Friday, December 23, 2011

"homebirthing is a sensitive and controversial issue"

The report said “homebirthing is a sensitive and controversial issue”.
The irony of this statement was clear when it appeared in Improving Maternity Services in Australia – The Report of the Maternity Services Review (2009). Homebirth continues to be both sensitive and controversial today.

Maternity Coalition's Summer 2011 issue of Birth Matters devoted significant space to the extremely sensitive and controversial end of homebirth; "high-risk homebirth". MC President, Ann Catchlove, wrote a deeply personal and moving column referring to the death of a baby in a highly publicised homebirth, that "I hope that we will have realised that the way to respond to "high-risk homebirth" is not by prohibition and persecution but by seeking to understand why women make decisions and giving them real options within the system. Meanwhile, in the here and now, a mother is being treated in a most unfair and unjust manner. We need to stand up and say that is wrong."

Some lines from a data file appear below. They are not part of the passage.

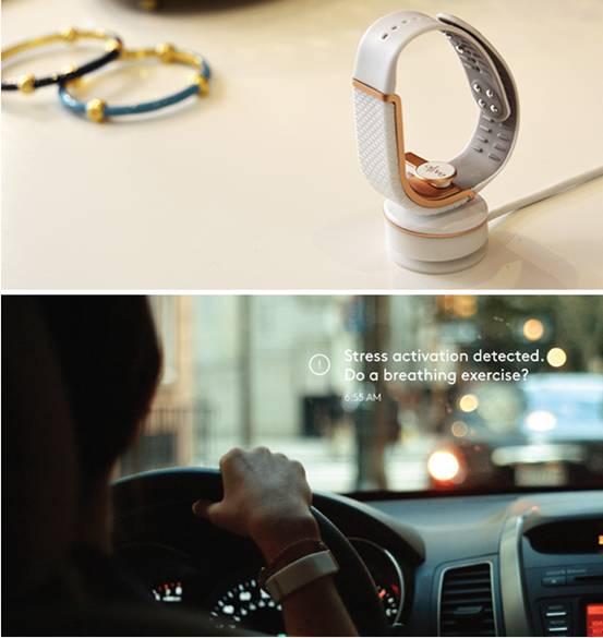 由Zach Sivan与Doron Libshtein设计的WellBe智能手环,采用仿手表设计,利用软木材质,腕带部分用户可以自行更换,它现阶段有黑色,深褐色,原木色三种颜色,手环款式有两种,一种有流动图案,一种没有。在时尚的外表下,WellBe拥有着其他智能手环并不具备的功能:它内置心脏传感器,每个小时会进行 3 分钟的心率监测,在与智能手机上的 APP 相连后,会根据利用特殊算法得到的压力评估,从而给出适合用户的减压建议提醒,让你更好的控制自己的情绪。
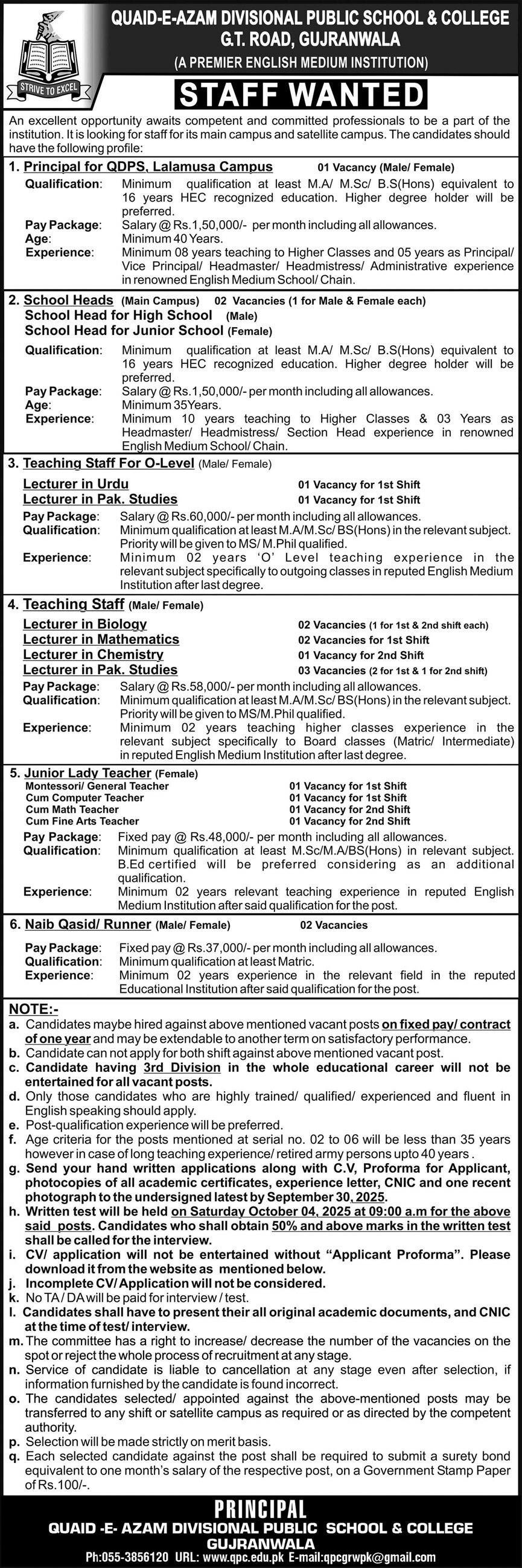 Quaid E Azam Divisional Public School Jobs 2025 announce the Contract career opportunities for the post of See Below Ad in Punjab, Gujranwala for the fresh and experienced candidates on Contract basis who have Check Advertisement degree. Posted date of this post is 21/09/2025 and the last date is 30/09/2025. if you are eligible for this job apply before due date.
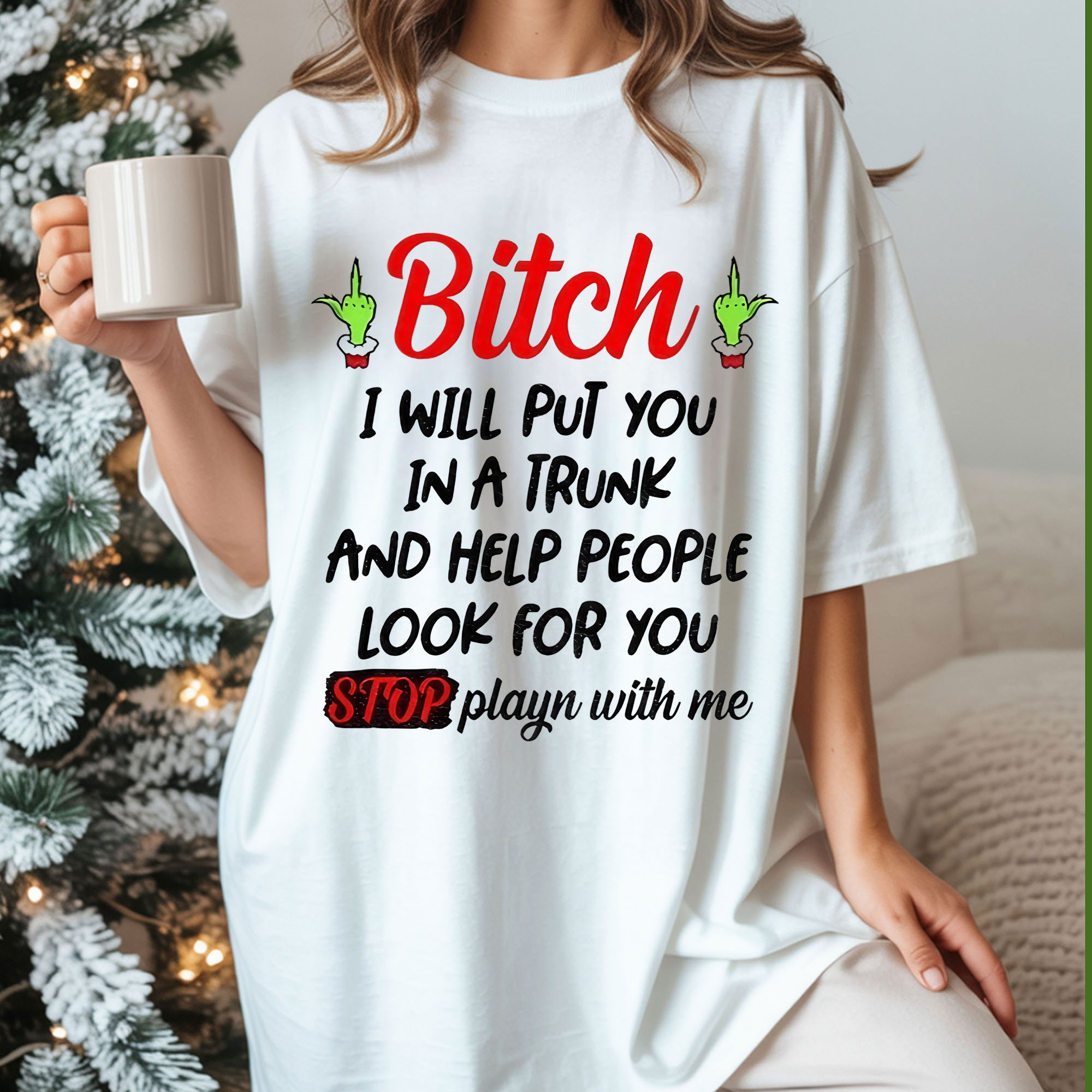 Grinch Quote Christmas T-Shirt – Funny I’ll Put You In A Trunk Stop Playing With Me Vintage Bootleg Tee
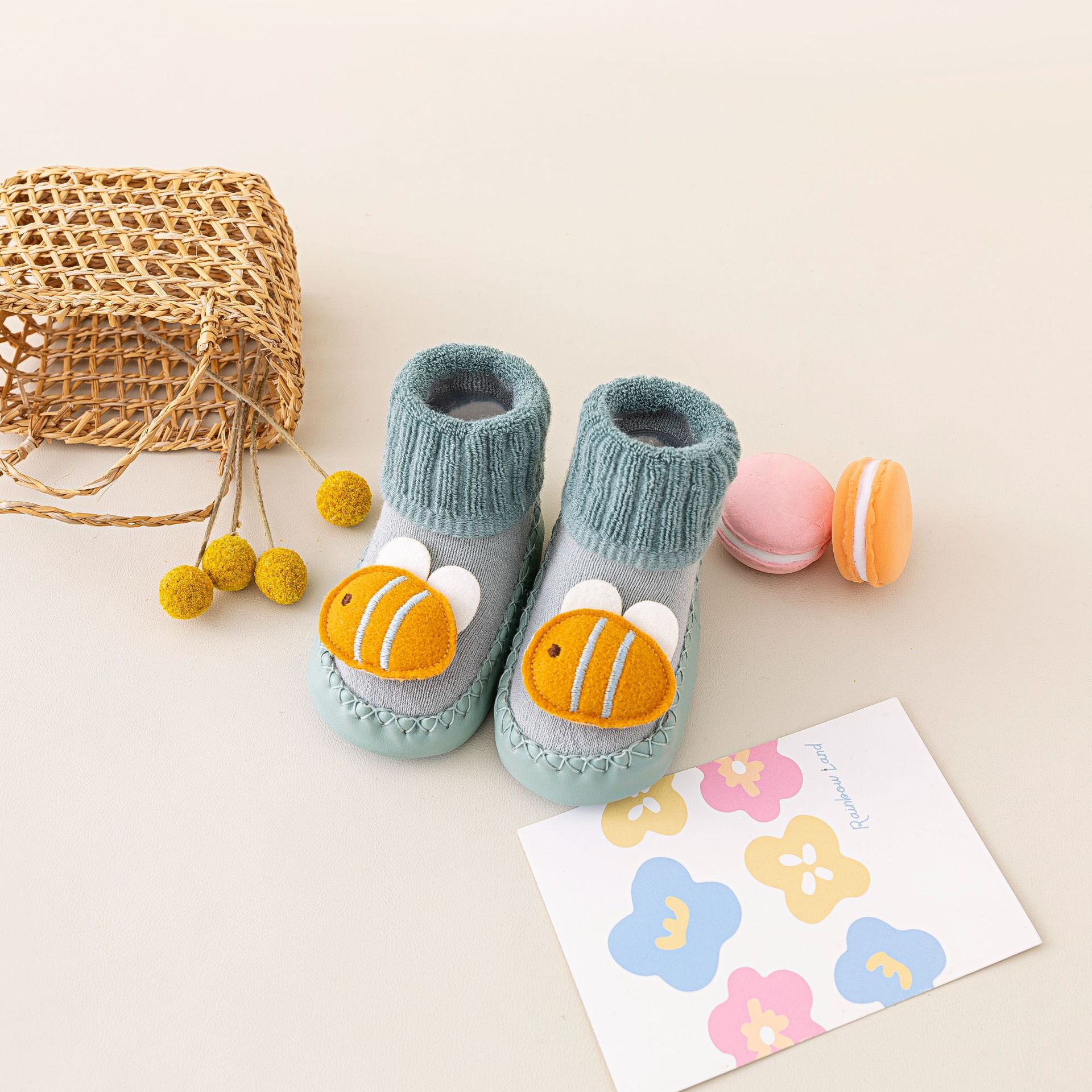 새로운 가을과 겨울 어린이 테리 양말 신발 두꺼운 따뜻한 아기 유아 신발 미끄럼 방지 시원한 바닥 신발 및 양말스토어 가기
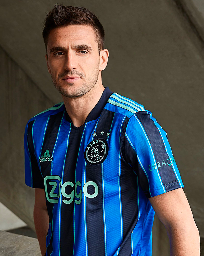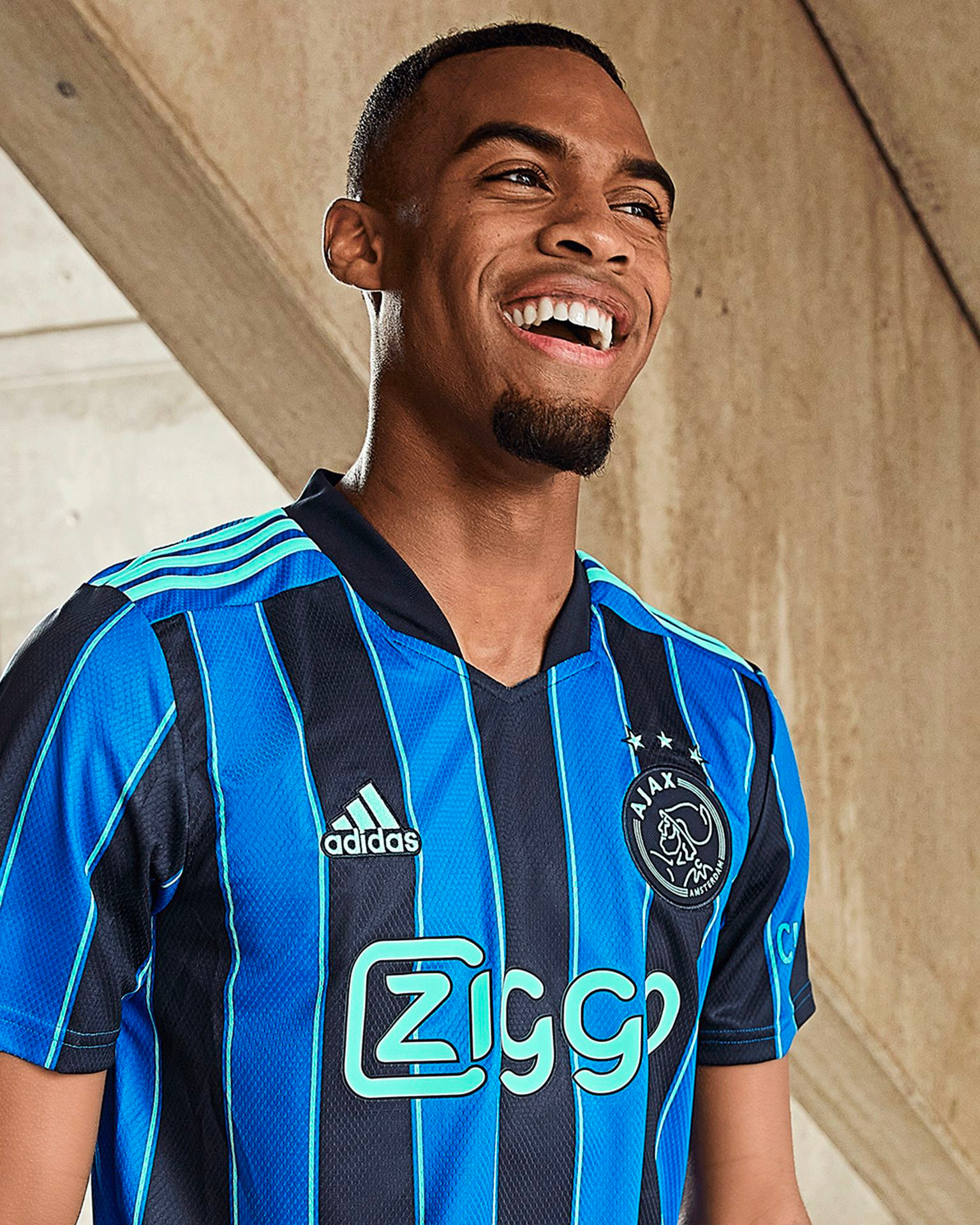 The new Ajax away kit 2021-22 by adidas The stripes on the jersey of the Amsterdam Lancers are back

In an article published in the (UK-based) AIMS Journal Vol 23 No3 2011, Joy Johnston (who is also the author of this blog) wrote:
The constant recurring theme in Australian and international midwifery regulation is the public interest. The Australian medical profession considers obstetric supervision of all maternity care to be in the public interest, and assesses midwifery as incapable of delivering optimal and safe maternity care in settings outside obstetric surveillance. The issue of home birth is the pimple on the end of the maternity system’s nose. It won’t go away, it hurts when touched, and it’s a real nuisance.
The large 'Birthplace' study [click here for link and comment] looking at place of birth in the UK is to:
effectively be replicated in Australia from 2012 with a NHMRC funded birthplace study led by Professor Caroline Homer from the University of Technology, Sydney. Feeding in to the Maternity Services Review recommendations for more research and national data collection, the study will investigate outcomes from about 45,000 births across public and private hospitals including birth centres, freestanding midwifery units and homebirths, both publicly and privately funded. “We need to continue to grow the evidence and what has to be unpacked are the important pieces of information for women – their chances of a normal birth versus a caesarean section or their chances of good outcomes versus bad,” Homer said. “We haven’t had a big national study which clearly defined intended place of birth at onset of labour, not at 12 weeks. Smaller studies have also been a bit vulnerable because of their low numbers.” (quoted from Nursing Review, 21 Dec 2011)
MIPP is currently undertaking a REVIEW OF PLANNED HOMEBIRTH FOR ‘AT RISK’ WOMEN IN VICTORIA, 1999-2009. The data for this audit is being prepared by the Victorian Perinatal Data Collection team. Women included in this audit are those identified as ‘at risk’, having been recorded as planning to give birth at home in the care of a midwife, and that they have one or more of the following obstetric risk categories: Multiple pregnancy; abnormal presentation (especially breech); preterm labour prior to 37 completed weeks of pregnancy; post term pregnancy 42+ weeks; and previous caesarean birth. It is anticipated that at least one paper for publication in a professional peer-reviewed journal will come out of this review, and it is hoped that valuable information will be highlighted.

Monday, December 12, 2011

Hospital back-up bookings for planned homebirth

Midwives practising privately in and around Melbourne have, for many years, used the booking and emergency referral arrangements provided by the Women's hospital. The process has been simple: the midwife can fax the woman's details to the hospital, and the woman is given a hospital record number confirming the booking. The midwife provides copies of any blood test and other investigations relevant to the pregnancy, and contacts the hospital if and when obstetric referral is required.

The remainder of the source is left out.